[MATERIAL SUPPLIED — start]
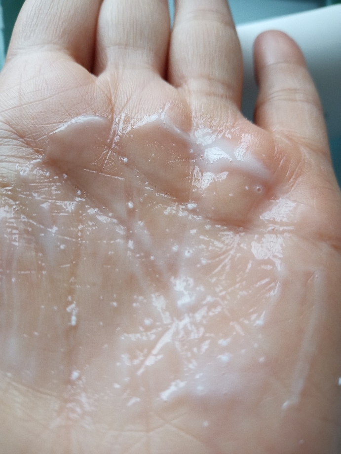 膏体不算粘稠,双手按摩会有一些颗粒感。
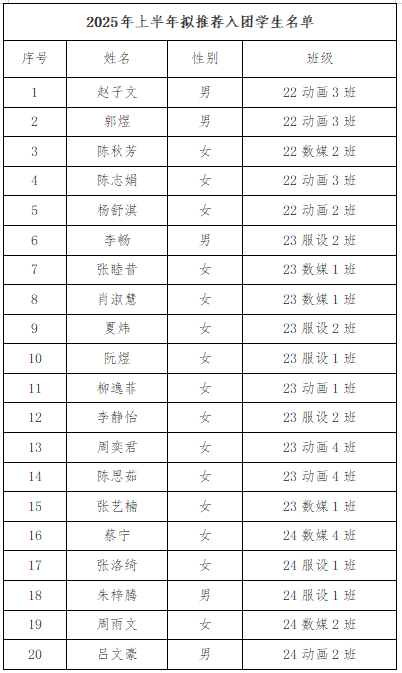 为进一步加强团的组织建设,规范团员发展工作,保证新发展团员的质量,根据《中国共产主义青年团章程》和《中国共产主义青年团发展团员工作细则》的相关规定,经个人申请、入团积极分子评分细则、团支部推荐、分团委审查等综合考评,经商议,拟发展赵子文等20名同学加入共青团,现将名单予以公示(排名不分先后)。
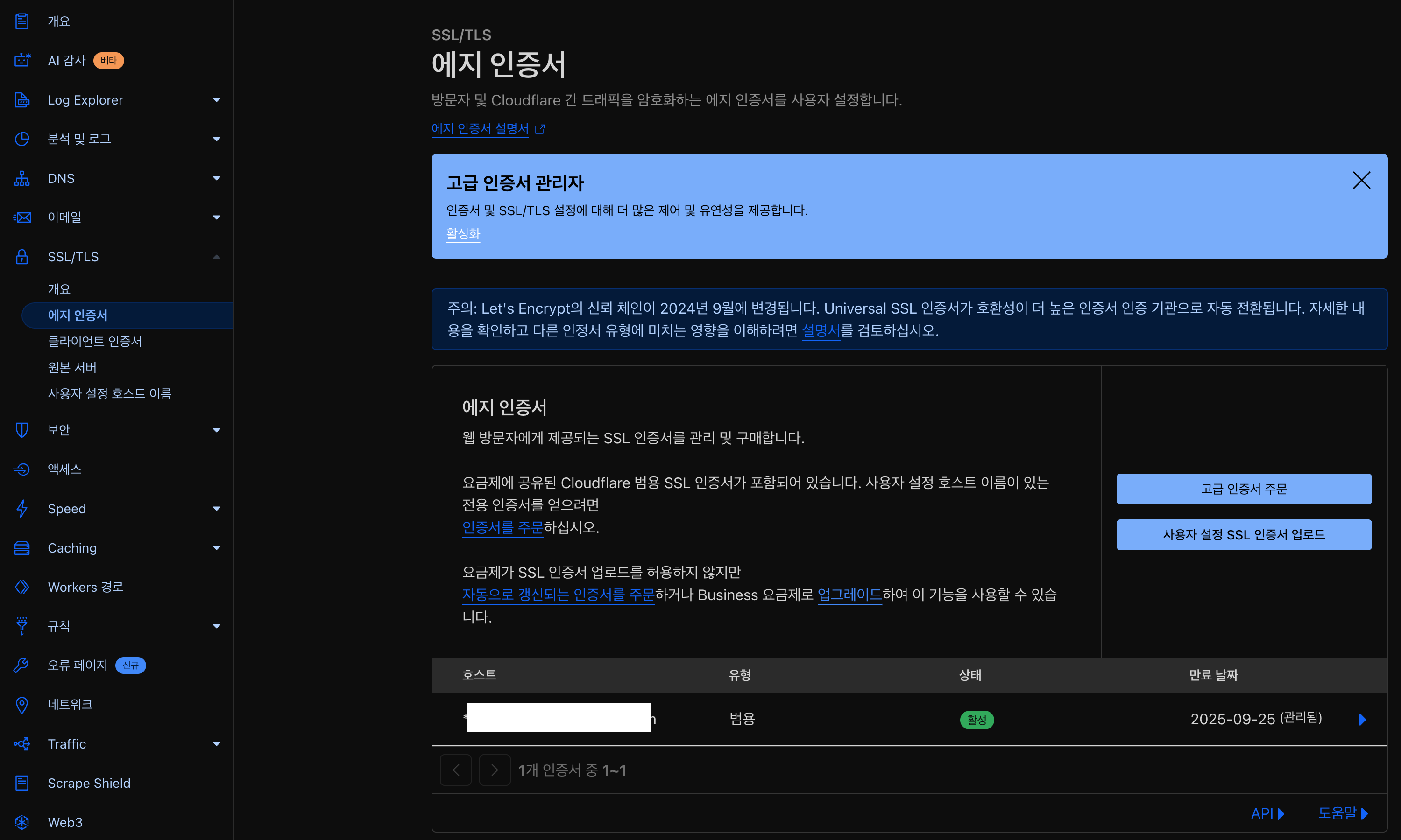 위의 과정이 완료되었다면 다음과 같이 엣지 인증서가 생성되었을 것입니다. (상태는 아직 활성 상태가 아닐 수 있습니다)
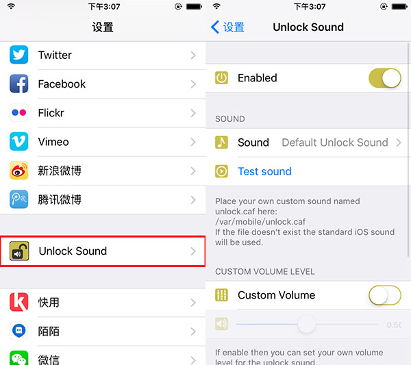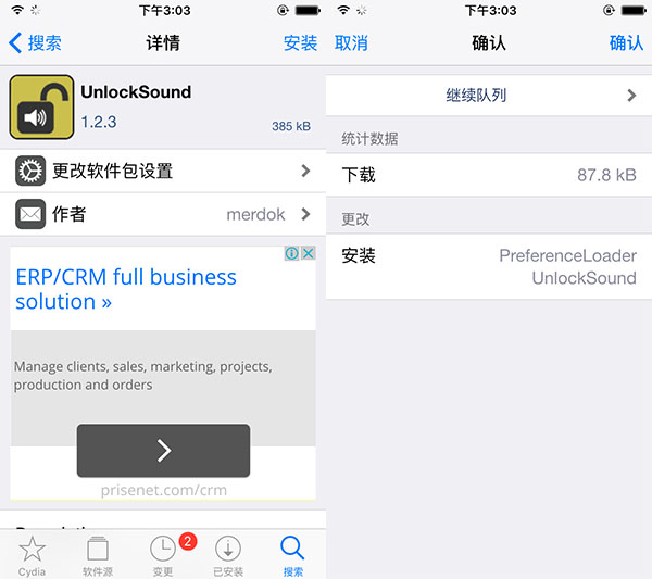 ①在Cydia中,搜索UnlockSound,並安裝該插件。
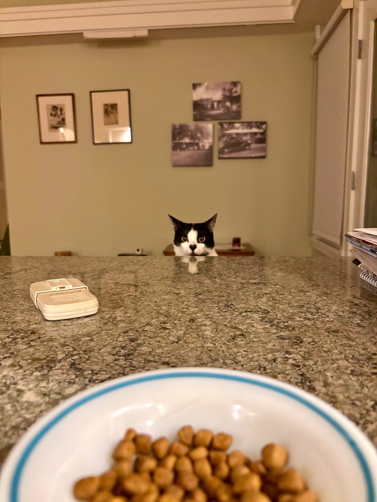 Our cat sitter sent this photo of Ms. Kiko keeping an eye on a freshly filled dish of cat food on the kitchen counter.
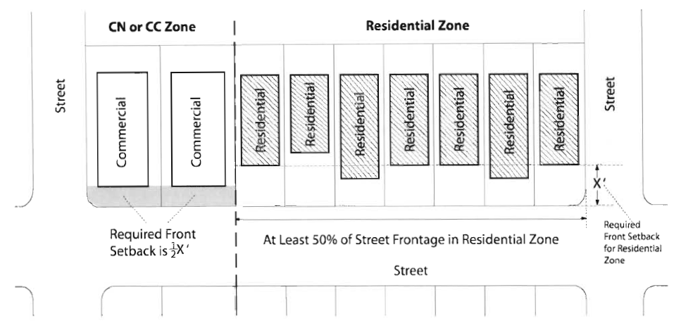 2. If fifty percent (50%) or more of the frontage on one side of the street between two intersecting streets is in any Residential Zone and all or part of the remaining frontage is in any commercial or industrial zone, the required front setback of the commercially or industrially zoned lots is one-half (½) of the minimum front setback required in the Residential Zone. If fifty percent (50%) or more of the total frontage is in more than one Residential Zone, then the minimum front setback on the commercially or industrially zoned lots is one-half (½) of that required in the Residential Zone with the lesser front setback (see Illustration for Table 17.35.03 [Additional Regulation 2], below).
[MATERIAL SUPPLIED — finish]
[MATERIAL SUPPLIED — start]
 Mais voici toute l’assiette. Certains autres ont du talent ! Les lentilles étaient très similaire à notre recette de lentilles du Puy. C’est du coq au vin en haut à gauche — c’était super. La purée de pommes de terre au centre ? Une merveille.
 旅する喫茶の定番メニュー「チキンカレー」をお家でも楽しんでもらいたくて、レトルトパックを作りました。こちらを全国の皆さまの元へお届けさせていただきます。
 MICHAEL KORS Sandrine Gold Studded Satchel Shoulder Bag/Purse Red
[MATERIAL SUPPLIED — finish]
### YOUR ASSIGNMENT:
What's needed is an exact copy of the lines above from the one with "위의 과정이 완료되었다면" through the one with "Our cat sitter", both included; the pictures stay out.

### RESPONSE TO THE TASK:
 위의 과정이 완료되었다면 다음과 같이 엣지 인증서가 생성되었을 것입니다. (상태는 아직 활성 상태가 아닐 수 있습니다)
 ①在Cydia中,搜索UnlockSound,並安裝該插件。
 Our cat sitter sent this photo of Ms. Kiko keeping an eye on a freshly filled dish of cat food on the kitchen counter.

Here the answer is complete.